Cholesterol ensures our bodies function properly. It is necessary for the production of hormones, Vitamin D and the bile acids that help digest food.
Our cells and our liver produce about 75 percent of our blood cholesterol. The other 25 percent comes from the saturated fat and cholesterol in the food we eat. Digestive enzymes in the stomach break down food before it enters the small intestine. In the intestines, carbohydrates, proteins and fats are broken down and absorbed through the intestinal walls to be transported through the body. In the liver, triglycerides, cholesterol and proteins form together to make LDL (low-density lipoproteins) and HDL (high-density lipoproteins). LDL carries cholesterol to all cells of the body, while HDL carries cholesterol away from cells to the liver. Triglycerides are a primary form of fat used to store energy. Like LDL, triglycerides can cause plaque buildup in blood vessels.
Genetics plays a big role in how much cholesterol our bodies produce. Some people inherit genes that cause their bodies to produce too much cholesterol or keep their bodies from absorbing enough cholesterol. They can still have high cholesterol even if they are not eating high-cholesterol food.
Too much LDL, the “bad” cholesterol, and not enough HDL, the “good” cholesterol, can place you at risk for heart disease and stroke. High cholesterol increases the buildup of plaque (a fatty substance) in the blood vessels, which hardens along the lining of the vessels. The plaque reduces or blocks blood flow and raises your risk of a heart attack, stroke or other health problems.
Several medications control the amount of cholesterol in our blood. Statins (HMG-CoA reductase inhibitors) are thought to be the best at lowering cholesterol. Statins help block production of LDL in the liver by blocking an enzyme that is key to cholesterol production. Statin medications can reduce your risk of a heart attack or stroke, and the risk of life-threatening side effects is low.
According to a new cholesterol guideline from the American Heart Association and the American College of Cardiology, cholesterol-lowering statin drugs should now be prescribed to an estimated 33 million Americans without cardiovascular disease who have a 7.5 percent or higher risk for a heart attack or stroke within the next 10 years.
When taking statins, it is important to follow your health care provider’s instructions. Know when and how to take your medication. Do not skip doses or stop taking it. Establish a routine and keep to it for 30 days so it becomes habit. To prevent drug interactions, tell your doctor if you take other prescription and over-the-counter medications, vitamins or herbal supplements. Report any side effects right away and learn how to deal with them. Most side effects go away in a few weeks.
The side effects of statins can include muscle pain or muscle weakness; nausea, constipation or diarrhea; liver damage; and kidney failure. Recently, researchers found that for a small number of people, statins are associated with an increased risk of type 2 diabetes. Although statin side effects can be annoying, consider the benefits. Do not stop taking statin medication for any period without talking to your doctor. Note that over-the-counter pain relievers such as acetaminophen or ibuprofen do not relieve muscle aches from statins.
Your doctor may advise an alternative treatment plan to help lower your cholesterol without uncomfortable statin side effects. Following are some strategies to consider in coordination with your doctor.

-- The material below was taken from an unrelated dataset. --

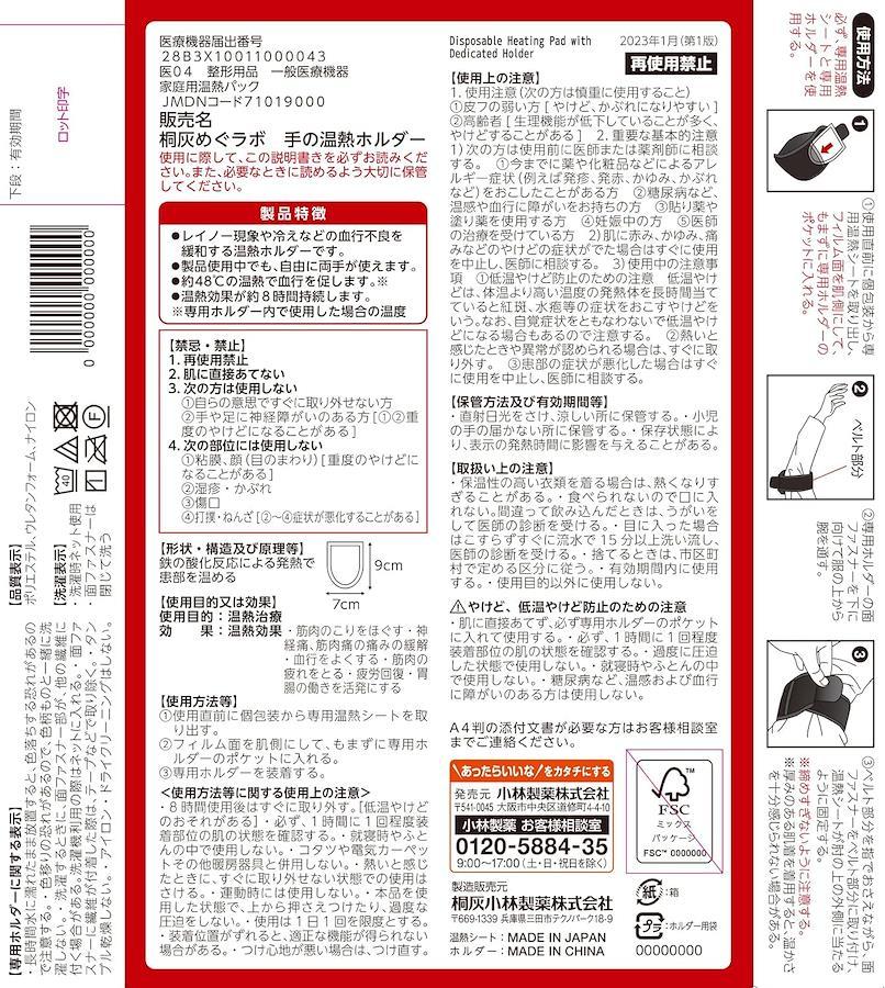 ※専用ホルダー内で使用した場合の温度 血行改善 商品サイズ (高さ×奥行×幅): 30mm×140mm×220mm ブラント名: 桐灰カイロ メーカー名: 小林製薬 商品の重量: 130 g

Take a brief break from statin therapy. Sometimes it’s hard to tell whether the muscle aches or other problems are statin side effects or just part of the aging process. A break of 10 to 14 days gives you time to compare how you feel on and off statins.
Switch to another statin drug. It’s possible, although unlikely, that one statin causes side effects for you while another doesn’t. Simvastatin (Zocor) may be more likely to cause muscle pain than other statins when taken at high doses. Newer drugs are being studied that may have fewer side effects.
Change your dose. A lower dose may reduce side effects but may also reduce benefits. Your doctor may suggest another statin that’s equally effective at a lower dose.
Take it easy when exercising. Exercise may make your muscle aches worse. Talk to your doctor about changing your exercise routine.
Statins can have potentially dangerous interactions with other medications and some foods, making it more likely you’ll have side effects. A chemical in grapefruit juice can interfere with the enzymes that break down the statins in your digestive system, making it uncertain what the effect is on your total cholesterol. You should still be able to have some grapefruit or grapefruit juice, but talk to your doctor about limits.
People taking statins either alone or in combination with amiodarone (Cordarone), a medication for irregular heart rhythms, or gemfibrozil (Lopid) have an increased risk of severe side effects. Side effects can also occur when taking statins and certain antifungal medications or antibiotics. Those taking antidepressants or medications to suppress the immune system with a statin may be more likely to have muscle aches.
Follow a healthy lifestyle in addition to taking statins. Eat a healthy diet to lower LDL and triglyceride levels. Exercise daily to help raise HDL levels. Maintain a healthy weight to help raise HDL levels and lower triglycerides. Quit smoking to improve your lipid levels.
The content of this article is for informational purposes only. It is not intended to be a substitute for professional medical advice, diagnosis or treatment. Always seek the advice of your physician or other qualified health care provider with any questions you may have regarding a medical condition.